The image processing unit 40 image-processes the image data A of the photographed slab with an edge detection mask to obtain image data B consisting of the slab outline and the skull image, and reads the number of pixels Pc between both sides of the slab image. The image data (C) of the skull image is extracted by erasing the linear components representing the slab outlines from the image data (B), and the horizontal pixel number (Px) and the vertical pixel number ( Serves to read Py).

The calculation processing unit 50 reads the number of horizontal pixels Px, the number of vertical pixels Py of the skull image, the number of pixels Pc between both sides of the slab image, and the preset, main, read by the image processing unit 40. From the horizontal size (Cx) of the convenience, the vertical size (Cy ') of the actual cast image picked up on one frame of the CCD camera, and the vertical pixel number (Pf) of the one frame, the actual size (Sx) and vertical size ( It is configured to serve to calculate Sy).

In addition, the calculation processing unit 50 obtains the absolute value of the derivative value of the edge dam load corresponding to the time point of the skull generation when the image processing unit 40 primarily determines that the skull is the extraction result of the skull image image data C. In other words, it only plays a role in determining that the skull is only valid when its absolute value is above a certain value.

Further, the edge scull search apparatus may further include a storage unit 60 for storing the image data of the skull image processed by the image processor and the horizontal and vertical size of the skull calculated by the arithmetic processor.

Therefore, according to the first aspect of the present invention, the present invention provides a skull search method capable of detecting the edge skull size.

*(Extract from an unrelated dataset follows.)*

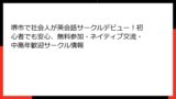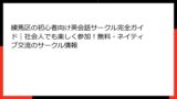 - コミュニティベースのサークル:鶴見中央地域ケアプラザなどで開催されるサークルでは、初回参加を無料とし、雰囲気や参加者のレベルを確認できる機会を設けています。例えば、月に2回、金曜日の夜(18:30~20:00)に開催されるサークルでは、初回見学が無料で、ネイティブスピーカー(例:イギリス人講師)との会話が体験できます。

That is, the edge dam load measuring unit 30 continuously measures the edge dam load, and uses the CCD camera 10 provided between the point where the temperature distribution of the cast steel is constant from the point immediately after the cast steel is produced. Image pickup In the present invention, since the skull and the slab can be distinguished due to the difference in color according to the cooling rate, the skull can be discriminated by a general image instead of a thermal image, and thus the image can be easily captured by using a CCD camera. An example of the image picked up by such a CCD camera 10 is shown in FIG.

In this way, the image data picked up by the CCD camera is transmitted to the image processing unit 40, and the load measured by the edge dam load measuring unit 30 is transferred to the arithmetic processing unit 50 in real time and embedded therein.

Next, in the present invention, the photographed image data A is subjected to two-stage image processing. In other words, step 1 is an image processing step using an edge detection mask to obtain image data (B) including the outline of the cast and the skull image, and step 2 is an outline component of the cast in the image data (B) processed in step 1. Image processing (C) consisting of only the skull image by erasing the image.

First, the mask for image processing used in step 1 has an advantage that the processing speed can be utilized quickly and simply by using an edge detection mask. The edge detection mask may be one of a robert operator, a sobel operator, a laplacian filter, and the like. In addition, although the size and shape of the mask may vary depending on the intended use, it is generally preferable to employ a 3 × 3 square shape for rapid image processing. 3 shows an example of image processing using a Sobel operator.

The pixel number Pc between both sides of the slab image is read from the image data B thus obtained. That is, the slab image is represented by two straight outlines or outlines close to a straight line. The number of pixels existing therebetween is read and provided to the calculation processing unit 50.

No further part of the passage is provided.